* **Task**:
Set down, exactly and with nothing added, the lines running from the one that holds "Obdobným způsobem zdejší" to the final line of the records. Pictures stay out of the copy.

* **Provided data**:
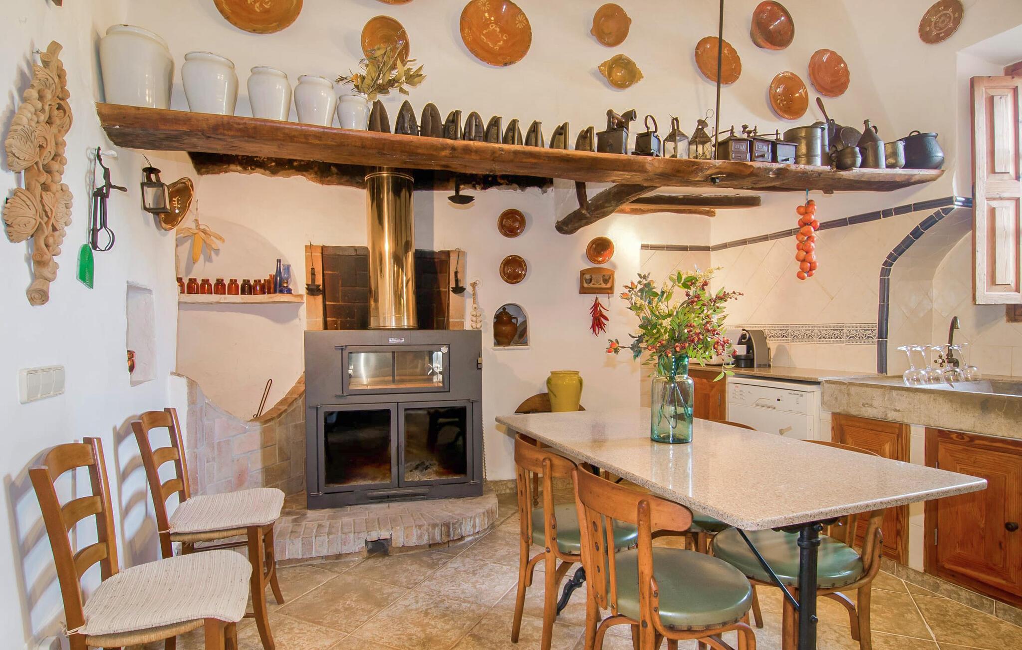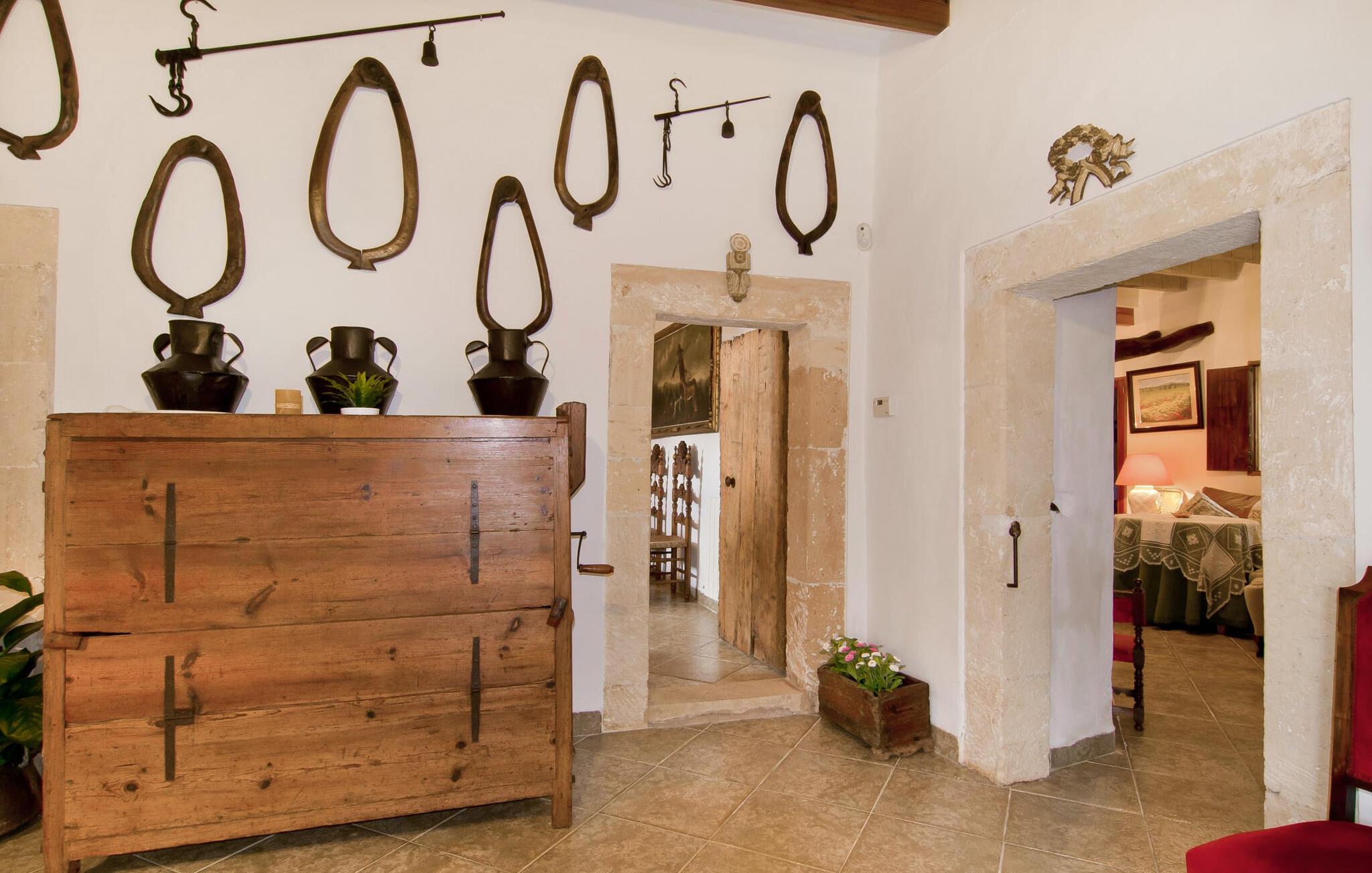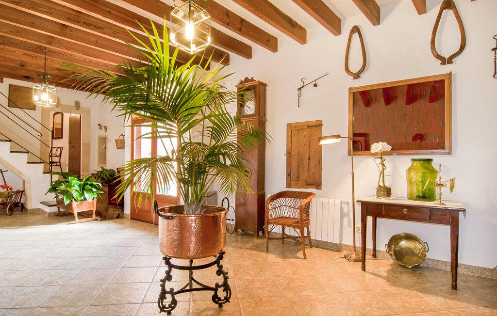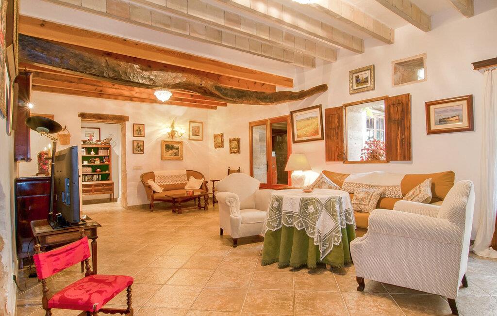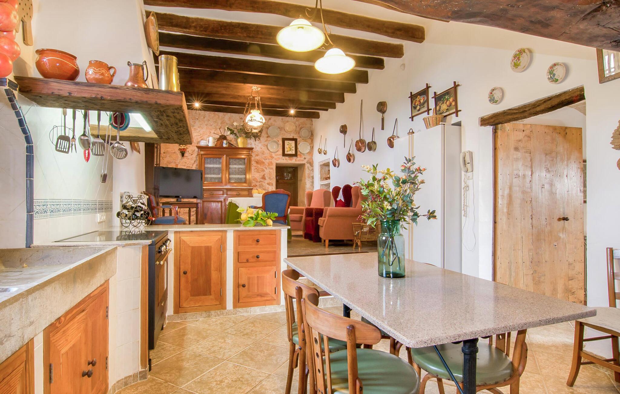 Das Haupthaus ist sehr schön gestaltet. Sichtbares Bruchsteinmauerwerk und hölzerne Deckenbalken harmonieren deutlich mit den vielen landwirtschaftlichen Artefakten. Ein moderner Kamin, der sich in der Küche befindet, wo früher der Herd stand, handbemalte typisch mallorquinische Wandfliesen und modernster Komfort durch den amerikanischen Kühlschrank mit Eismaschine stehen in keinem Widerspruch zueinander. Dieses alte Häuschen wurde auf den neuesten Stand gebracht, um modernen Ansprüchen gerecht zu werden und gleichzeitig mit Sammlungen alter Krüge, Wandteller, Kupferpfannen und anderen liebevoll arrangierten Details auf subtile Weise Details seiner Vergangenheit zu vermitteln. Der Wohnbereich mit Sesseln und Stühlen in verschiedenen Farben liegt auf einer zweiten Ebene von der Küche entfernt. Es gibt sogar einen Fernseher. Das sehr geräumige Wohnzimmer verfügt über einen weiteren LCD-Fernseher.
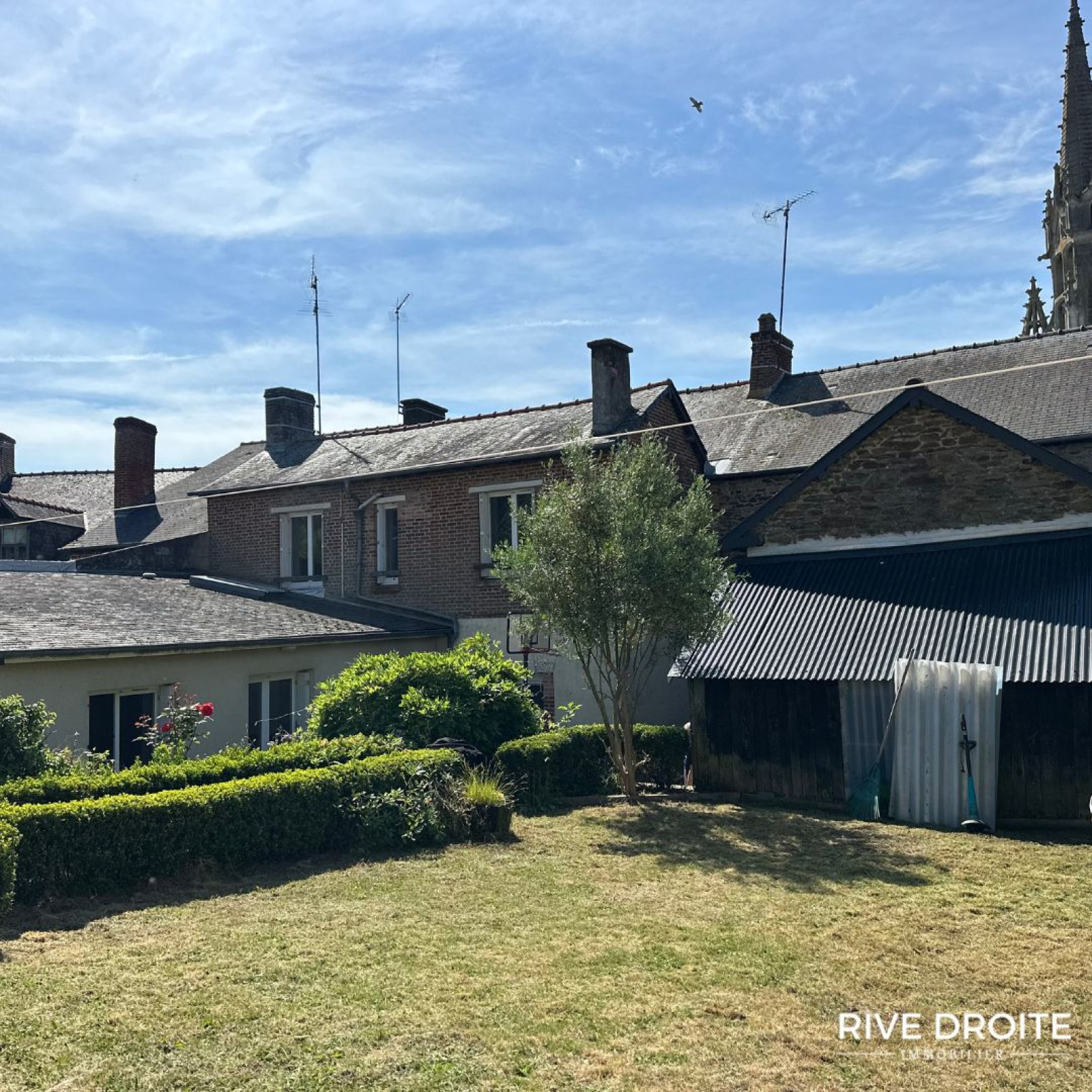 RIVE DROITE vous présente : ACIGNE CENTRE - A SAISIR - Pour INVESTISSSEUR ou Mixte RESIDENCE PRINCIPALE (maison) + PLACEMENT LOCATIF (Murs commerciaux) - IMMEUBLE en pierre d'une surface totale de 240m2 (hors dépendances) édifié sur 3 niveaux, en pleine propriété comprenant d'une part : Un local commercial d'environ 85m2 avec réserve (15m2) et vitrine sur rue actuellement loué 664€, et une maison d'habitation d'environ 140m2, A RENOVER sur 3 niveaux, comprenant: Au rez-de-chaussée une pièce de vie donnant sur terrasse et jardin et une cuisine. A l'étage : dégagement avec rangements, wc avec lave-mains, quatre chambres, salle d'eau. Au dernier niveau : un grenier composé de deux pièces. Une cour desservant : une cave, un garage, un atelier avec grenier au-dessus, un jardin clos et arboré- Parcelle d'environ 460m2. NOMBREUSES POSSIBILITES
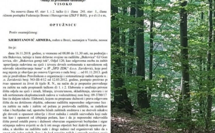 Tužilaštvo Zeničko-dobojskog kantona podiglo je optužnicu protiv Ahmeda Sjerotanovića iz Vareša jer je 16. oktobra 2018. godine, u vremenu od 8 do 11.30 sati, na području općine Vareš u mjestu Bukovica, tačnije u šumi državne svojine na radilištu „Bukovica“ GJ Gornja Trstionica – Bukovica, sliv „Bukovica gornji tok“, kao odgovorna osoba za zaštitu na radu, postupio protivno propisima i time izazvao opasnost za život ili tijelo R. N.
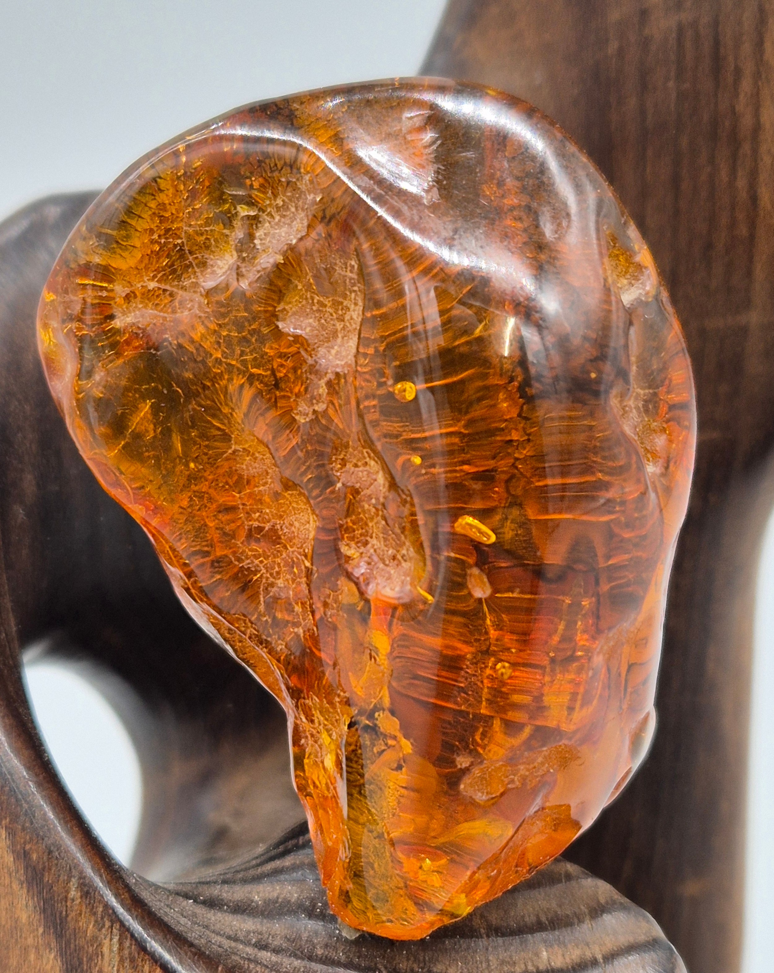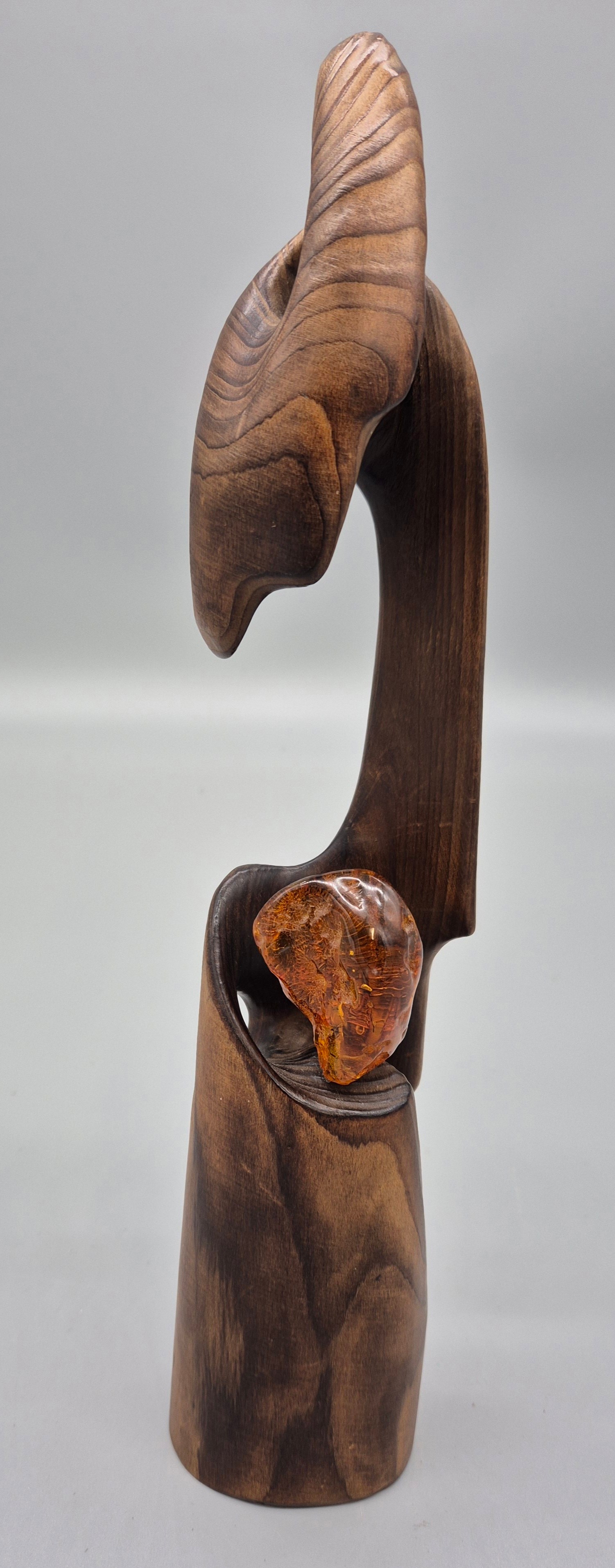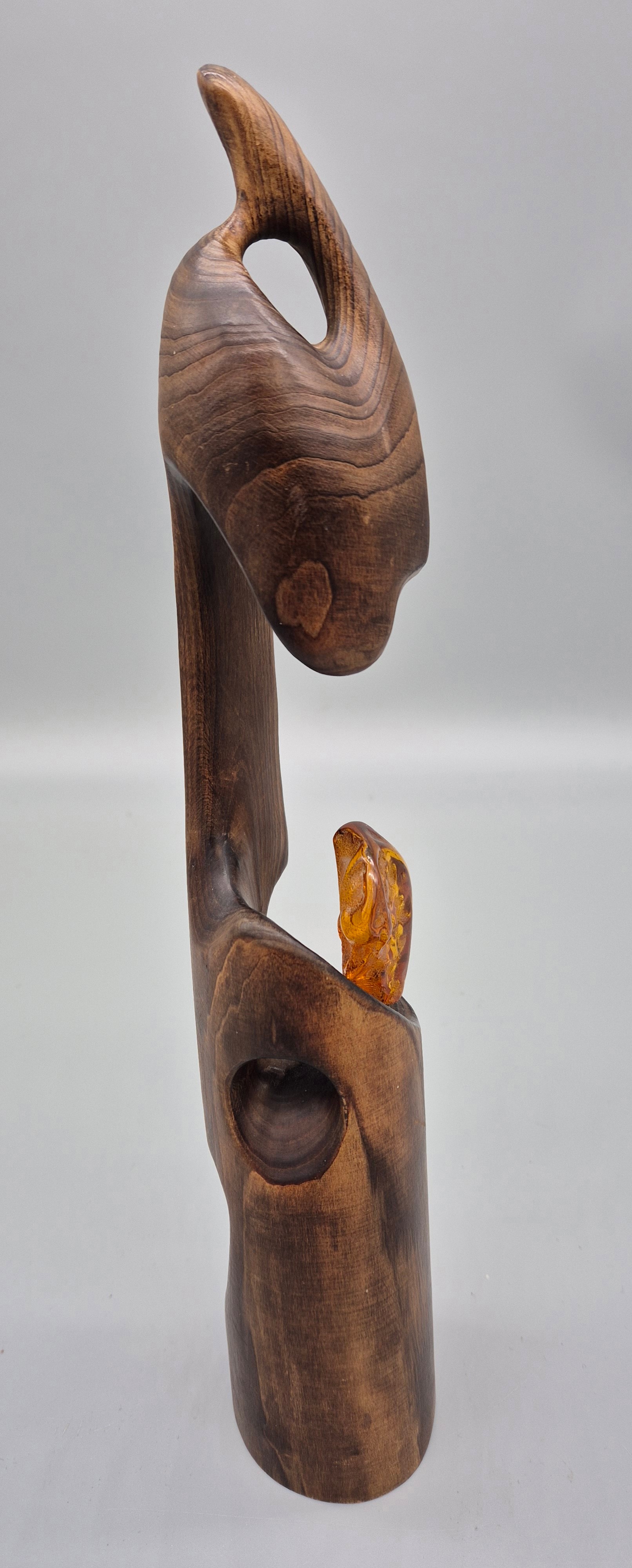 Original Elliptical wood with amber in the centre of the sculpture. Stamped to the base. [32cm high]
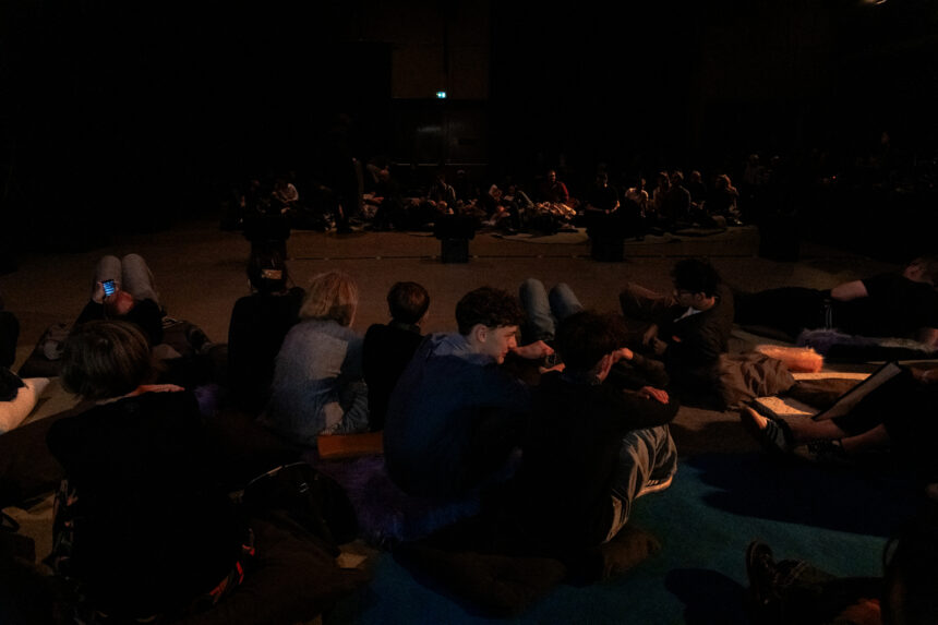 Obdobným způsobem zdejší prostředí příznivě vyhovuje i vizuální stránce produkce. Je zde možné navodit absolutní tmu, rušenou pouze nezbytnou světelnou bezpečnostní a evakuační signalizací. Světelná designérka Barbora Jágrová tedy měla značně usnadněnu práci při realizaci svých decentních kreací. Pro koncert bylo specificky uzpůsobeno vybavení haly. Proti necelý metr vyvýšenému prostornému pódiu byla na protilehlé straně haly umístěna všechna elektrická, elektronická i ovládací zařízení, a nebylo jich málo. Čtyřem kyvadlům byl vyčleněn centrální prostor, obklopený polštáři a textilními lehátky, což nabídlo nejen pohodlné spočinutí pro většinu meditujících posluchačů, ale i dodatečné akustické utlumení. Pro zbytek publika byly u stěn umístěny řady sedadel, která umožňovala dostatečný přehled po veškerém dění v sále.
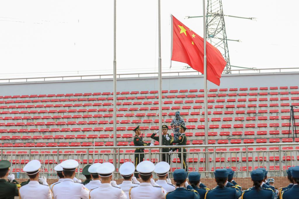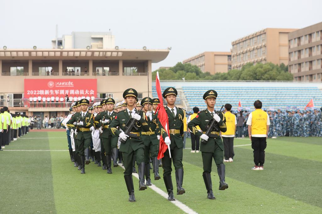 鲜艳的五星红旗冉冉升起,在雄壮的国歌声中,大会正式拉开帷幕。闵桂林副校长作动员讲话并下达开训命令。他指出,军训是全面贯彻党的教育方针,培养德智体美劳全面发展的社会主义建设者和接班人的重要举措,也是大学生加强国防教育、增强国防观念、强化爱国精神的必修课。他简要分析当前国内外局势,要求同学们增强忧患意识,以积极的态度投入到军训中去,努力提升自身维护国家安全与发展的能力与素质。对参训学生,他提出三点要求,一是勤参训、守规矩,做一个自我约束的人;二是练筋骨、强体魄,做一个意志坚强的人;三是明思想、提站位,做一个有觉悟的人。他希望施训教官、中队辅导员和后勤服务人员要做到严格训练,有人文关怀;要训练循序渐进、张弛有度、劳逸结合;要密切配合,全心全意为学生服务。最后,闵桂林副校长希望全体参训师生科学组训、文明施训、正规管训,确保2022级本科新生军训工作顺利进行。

* **Answer space**:
 Obdobným způsobem zdejší prostředí příznivě vyhovuje i vizuální stránce produkce. Je zde možné navodit absolutní tmu, rušenou pouze nezbytnou světelnou bezpečnostní a evakuační signalizací. Světelná designérka Barbora Jágrová tedy měla značně usnadněnu práci při realizaci svých decentních kreací. Pro koncert bylo specificky uzpůsobeno vybavení haly. Proti necelý metr vyvýšenému prostornému pódiu byla na protilehlé straně haly umístěna všechna elektrická, elektronická i ovládací zařízení, a nebylo jich málo. Čtyřem kyvadlům byl vyčleněn centrální prostor, obklopený polštáři a textilními lehátky, což nabídlo nejen pohodlné spočinutí pro většinu meditujících posluchačů, ale i dodatečné akustické utlumení. Pro zbytek publika byly u stěn umístěny řady sedadel, která umožňovala dostatečný přehled po veškerém dění v sále.
 鲜艳的五星红旗冉冉升起,在雄壮的国歌声中,大会正式拉开帷幕。闵桂林副校长作动员讲话并下达开训命令。他指出,军训是全面贯彻党的教育方针,培养德智体美劳全面发展的社会主义建设者和接班人的重要举措,也是大学生加强国防教育、增强国防观念、强化爱国精神的必修课。他简要分析当前国内外局势,要求同学们增强忧患意识,以积极的态度投入到军训中去,努力提升自身维护国家安全与发展的能力与素质。对参训学生,他提出三点要求,一是勤参训、守规矩,做一个自我约束的人;二是练筋骨、强体魄,做一个意志坚强的人;三是明思想、提站位,做一个有觉悟的人。他希望施训教官、中队辅导员和后勤服务人员要做到严格训练,有人文关怀;要训练循序渐进、张弛有度、劳逸结合;要密切配合,全心全意为学生服务。最后,闵桂林副校长希望全体参训师生科学组训、文明施训、正规管训,确保2022级本科新生军训工作顺利进行。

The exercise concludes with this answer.